Masuk ke Dalam Lembaga Strategis Arab Saudi

Posisi yang diemban oleh mantan Menteri Pendidikan dan Kebudayaan RI ini bukanlah jabatan seremonial belaka, melainkan berada di bawah struktur yang memiliki pengaruh kuat pada kebijakan pembangunan fisik kota. Melansir laporan Riau Kepri, dipastikan bahwa Anies jadi dewan penasihat lembaga strategis di Riyadh yang berfokus pada perancangan kota berkelanjutan dan tata ruang modern. Lembaga ini diisi oleh sejumlah pakar, akademisi, dan mantan birokrat lintas negara yang memiliki spesialisasi dalam bidang arsitektur urban serta ekonomi wilayah.

Tugas utama dari dewan penasihat ini adalah memberikan rekomendasi langsung terkait arah pembangunan megaproyek urban, digitalisasi layanan kota, hingga penyiapan Riyadh sebagai tuan rumah berbagai perhelatan akbar dunia di masa mendatang.

Langkah Baru Pasca-Kontestasi Politik Domestik

Bagi perjalanan karier personal Anies sendiri, penunjukan internasional ini dinilai sebagai pembuktian bahwa ruang pengabdian publik tidak terbatas pada kontestasi politik di dalam negeri semata.
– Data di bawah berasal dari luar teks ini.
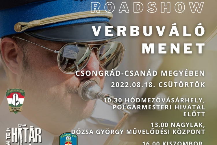 A héten Csongrád-Csanád megyében folytatódik a Készenléti Rendőrség Zenekarának verbuváló menete. A roadshow-n a megyei toborzók is részt vesznek, akik várják a szerződéses határvadászképzés iránt érdeklődőket.

Melansir ulasan Merdeka.com, publik melihat fenomena ini sebagai langkah baru Anies Baswedan yang ditunjuk jadi penasihat kota Riyadh sebagai saluran aktualisasi gagasan-gagasannya mengenai konsep kota humanis yang inklusif di level dunia.
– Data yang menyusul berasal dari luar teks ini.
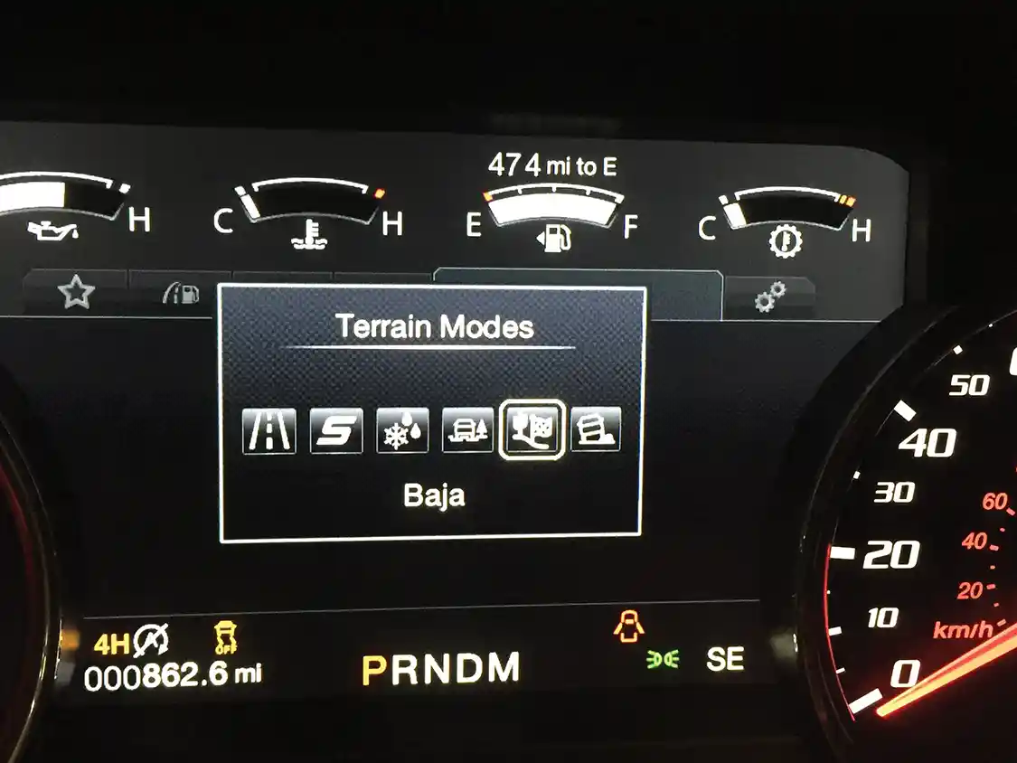 HE CONTINUES, “For Sport, Baja and Mud/Sand mode [those are three of the Raptor’s six driver-selectable drive modes; the others are Normal, Weather and Rock Crawl], we wanted a little bit of feel to the shift. The computer commands a higher trans fluid pressure, which fills the hydraulic circuits faster for a quicker shift.” Having experienced Sport mode for ourselves, we have to say that “a little bit of feel” is an understatement. The upshifts kick like a mule, and we love it.

Langkah ini juga diprediksi akan semakin memperkuat posisi tawar diplomatik informal Indonesia di Arab Saudi, mengingat kedekatan hubungan personal yang terjalin antara tokoh nasional dengan pembuat kebijakan di Riyadh.
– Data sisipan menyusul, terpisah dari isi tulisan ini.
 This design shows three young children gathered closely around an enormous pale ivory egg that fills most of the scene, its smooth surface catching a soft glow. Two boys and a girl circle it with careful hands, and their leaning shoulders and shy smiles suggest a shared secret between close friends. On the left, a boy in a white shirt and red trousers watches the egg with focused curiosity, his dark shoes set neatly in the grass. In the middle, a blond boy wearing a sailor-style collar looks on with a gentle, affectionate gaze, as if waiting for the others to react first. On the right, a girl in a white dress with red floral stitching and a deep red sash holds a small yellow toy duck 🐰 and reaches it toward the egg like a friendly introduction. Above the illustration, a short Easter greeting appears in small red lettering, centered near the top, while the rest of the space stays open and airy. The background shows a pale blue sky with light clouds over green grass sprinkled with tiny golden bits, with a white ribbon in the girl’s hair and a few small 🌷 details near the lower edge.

Prospek Kontribusi untuk Desain Riyadh Masa Depan

Melalui peran barunya, Anies diharapkan mampu membawa prinsip-prinsip pembangunan kota yang berorientasi pada keadilan sosial dan kelestarian ekologi, sebagaimana yang kerap ia gaungkan selama memimpin ibu kota RI. Tantangan Riyadh ke depan adalah mengubah kota gurun menjadi kota hijau yang ramah pejalan kaki dan efisien dalam penggunaan energi.

Dengan resminya penunjukan ini pada sisa tahun 2026, keterlibatan aktif Anies Baswedan di Arab Saudi akan menjadi perhatian penting bagi para pengamat kebijakan publik nasional dan internasional. Publik menantikan bagaimana implementasi ide-ide segar dari tanah air dapat beradaptasi dan mewarnai kemajuan arsitektur serta peradaban moderen di jantung Jazirah Arab tersebut.